Comment 73 for bug 1569925

Revision history for this message
Rafael David Tinoco (rafaeldtinoco) wrote :

Okay, I removed almost everything out of equation:

- removed networking interfaces from systemd
- removed open-iscsi login/logout logic from systemd
- used a single network interface for the logins, on a single iscsi portal

was still able to reproduce the issue by:

- doing a simple login after configuring the network device:
  ./net-start.sh ; sleep 1 ; sudo iscsiadm -m node --login

- shutting down the network device before any logout:
  ./net-stop.sh ; sudo shutdown -h now

There was no systemd service order in play (in between open-iscsi, iscsid and networking / ifupdown scripts) and I was able to cause the same issue 100%, same messages, same symptoms. This tells us that, definitely turning down the network while still logged iscsi sessions is causing the hangs (check #3 for why).

Summary of Causes

1)

network shuts down -> iscsi luns are logged out (attempt) -> iscsid daemon is shutdown
or
network shuts down -> iscsi daemon is shutdown -> iscsi luns are logged out

- logout would fail due to lack of network
- iscsi daemon would die and/or logout wouldn't work
- iscsi sessions would still be there
- system would hang (transport layer can't logout)

2)

iscsi daemon is shutdown -> iscsi luns are logged out -> network shuts down

- this would cause the bug i'm mentioning: daemon dies, logout doesn't work.
- some iscsi sessions would still be there
- system would hang (transport layer can't logout)
- (to check: open-iscsi.service ExecStop= running in parallel ?!?)

3)

I used KVM watchdog virtual device + NMI from host to crash the guest during the hang

http://pastebin.ubuntu.com/25394744/

And, finally, the hang is because kernel is hanged during its shutdown logic.

> 0 0 0 ffffffff81e11500 RU 0.0 0 0 [swapper/0]
> 0 0 1 ffff8801a6a20e00 RU 0.0 0 0 [swapper/1]
> 0 0 2 ffff8801a6a21c00 RU 0.0 0 0 [swapper/2]
> 0 0 3 ffff8801a6a22a00 RU 0.0 0 0 [swapper/3]
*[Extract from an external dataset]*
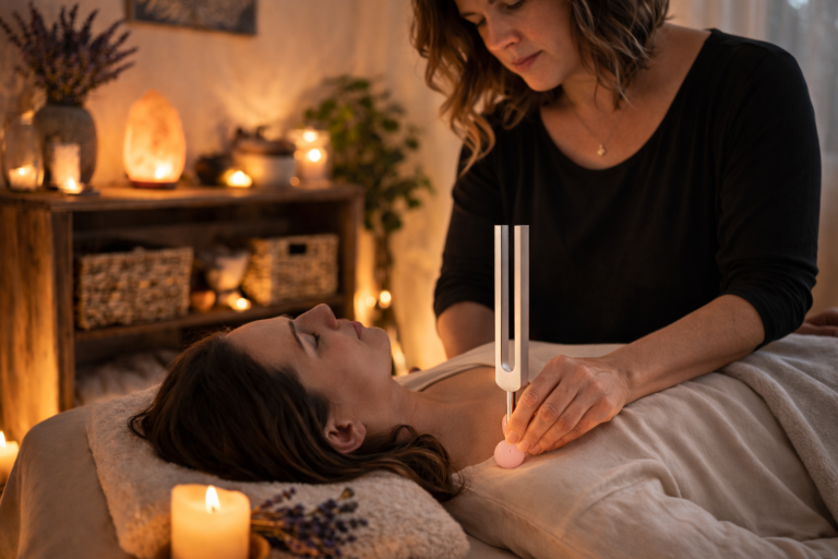 Jede Stimmgabel erzeugt eine klare, reine Frequenz. Diese Schwingung überträgt sich über den Kontakt auf den Körper – auf Muskeln, Faszien, Gewebe und auch auf das Nervensystem.
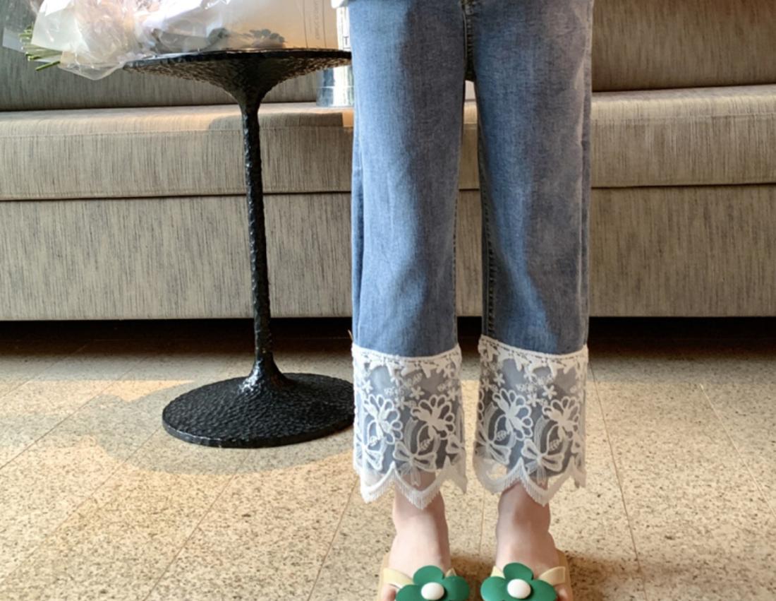 오리지널 걸스 엘라스틱 레이스 청바지 봄과 가을 2023 새로운 어린이 올매치 스트레이트 팬츠 스위트 발목 길이 팬츠스토어 가기

ALL CPUs were idling during the hang.

crash> runq
CPU 0 RUNQUEUE: ffff8801ae016e00
  CURRENT: PID: 0 TASK: ffffffff81e11500 COMMAND: "swapper/0"
  RT PRIO_ARRAY: ffff8801ae016fb0
     [no tasks queued]
  CFS RB_ROOT: ffff8801ae016e98
     [no tasks queued]

CPU 1 RUNQUEUE: ffff8801ae096e00
  CURRENT: PID: 0 TASK: ffff8801a6a20e00 COMMAND: "swapper/1"
  RT PRIO_ARRAY: ffff8801ae096fb0
     [no tasks queued]
  CFS RB_ROOT: ffff8801ae096e98
     [no tasks queued]

CPU 2 RUNQUEUE: ffff8801ae116e00
  CURRENT: PID: 0 TASK: ffff8801a6a21c00 COMMAND: "swapper/2"
  RT PRIO_ARRAY: ffff8801ae116fb0
     [no tasks queued]
  CFS RB_ROOT: ffff8801ae116e98
     [no tasks queued]

CPU 3 RUNQUEUE: ffff8801ae196e00
  CURRENT: PID: 0 TASK: ffff8801a6a22a00 COMMAND: "swapper/3"
  RT PRIO_ARRAY: ffff8801ae196fb0
     [no tasks queued]
  CFS RB_ROOT: ffff8801ae196e98
     [no tasks queued]

NO task was scheduled to run.

crash> ps -u
   PID PPID CPU TASK ST %MEM VSZ RSS COMM
      1 0 1 ffff8801a69b8000 UN 0.0 15484 3204 systemd-shutdow

There was just ONE SINGLE user task running (systemd-shutdown)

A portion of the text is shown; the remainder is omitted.